The coat of arms of Lubusz Voivodeship, Poland, features an Iberian style escutcheon divided vertically onto two sides, of which, the left side has red background, with left side of a white (silver) eagle, with yellow (golden) crown, legs, a ring on its tail, and a przepaska on its wing, while the right side, has green background with two yellow (golden) six-pointed stars, placed vertically. It was established in 2000.

Design 
The coat of arms is an Iberian style escutcheon divided vertically onto two sides. The left side consists of red background, with a left half of the white (silver) eagle, with yellow (golden) crown, legs, a ring on its tail, and a przepaska on its wing, in the form of thin upwards curved bar ended with trillium-like shape. The right side had green background with two yellow (golden) six-pointed stars, placed vertically.
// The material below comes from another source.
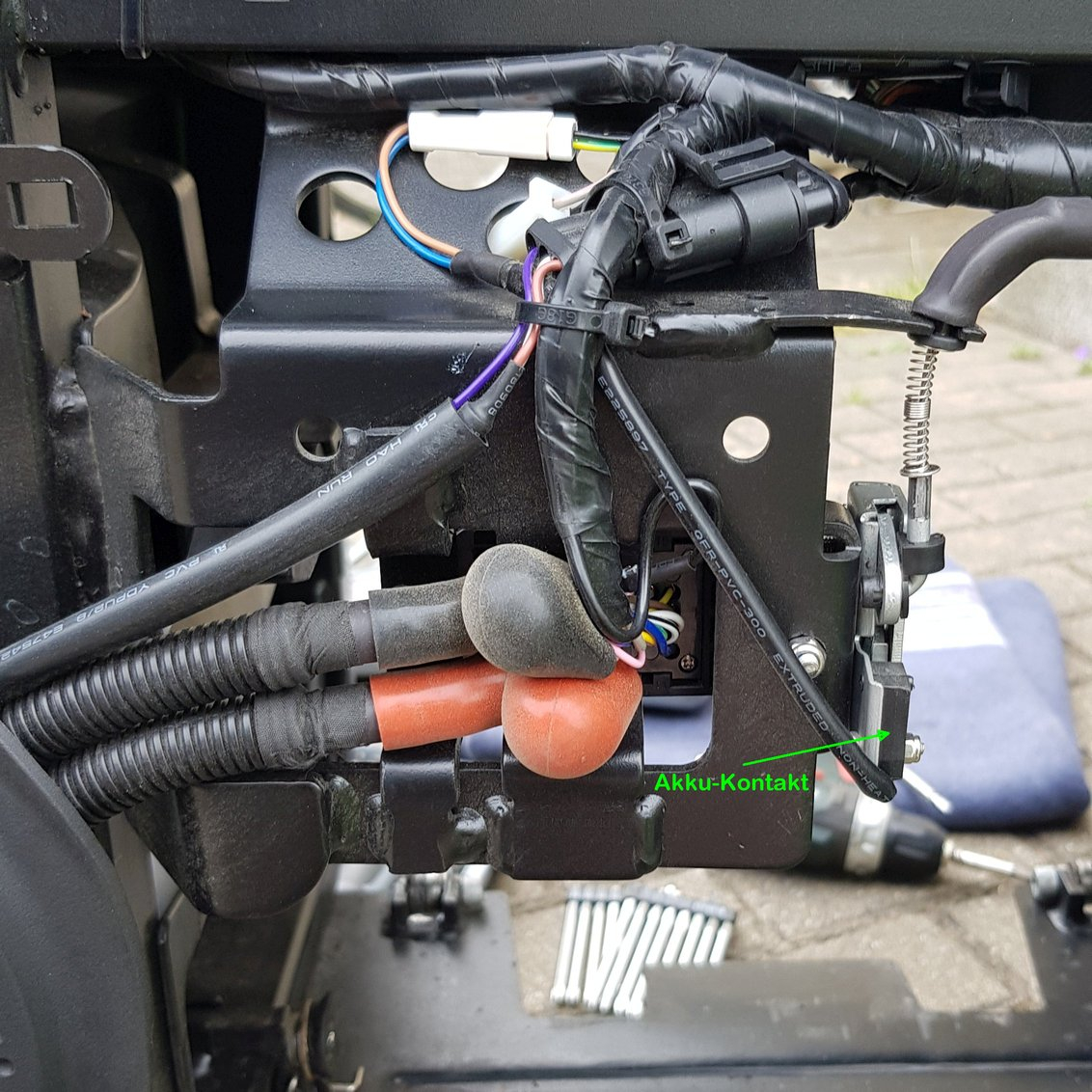 Der Fehler bestand weiterhin (Batt out) :roll: ich überlegte dann die ganze Nacht was es noch sein könnte. Da er ja fuhr, wenn ich den Akku oft genug rausnahm und wieder einsetzte. Zumindest bis zur ersten Bodenwelle und wieder die Meldung kam. Also dachte ich, es muss ja in der Nähe einen Sensor geben der den Befehl gibt "Ja der Akku ist eingerastet".

The white (silver) eagle on the red background has been based on the coat of arms of Poland, and symbolizes the alliance of the voivodeship to that country. The green colour symbolizes the forests that cover around half of the region, while 2 stars symbolize the two seats cities of the voivodeship: Zielona Góra, and Gorzów Wielkopolski.

History 

Prior to establishment of the Lubusz Voivodeship, within its current borders, from 1975 to 1998, existed the Zielona Góra Voivodeship. It had adopted its coat of arms on 18 July 1985. The coat of arms had a red Norman style escutcheon with square top and acute base. Inside the shield was featured a white (silver) eagle with elevated wings, and a green figure in a shape of the borders of the voivodeship, with two blue rivers featured on it: Oder and Lusatian Neisse.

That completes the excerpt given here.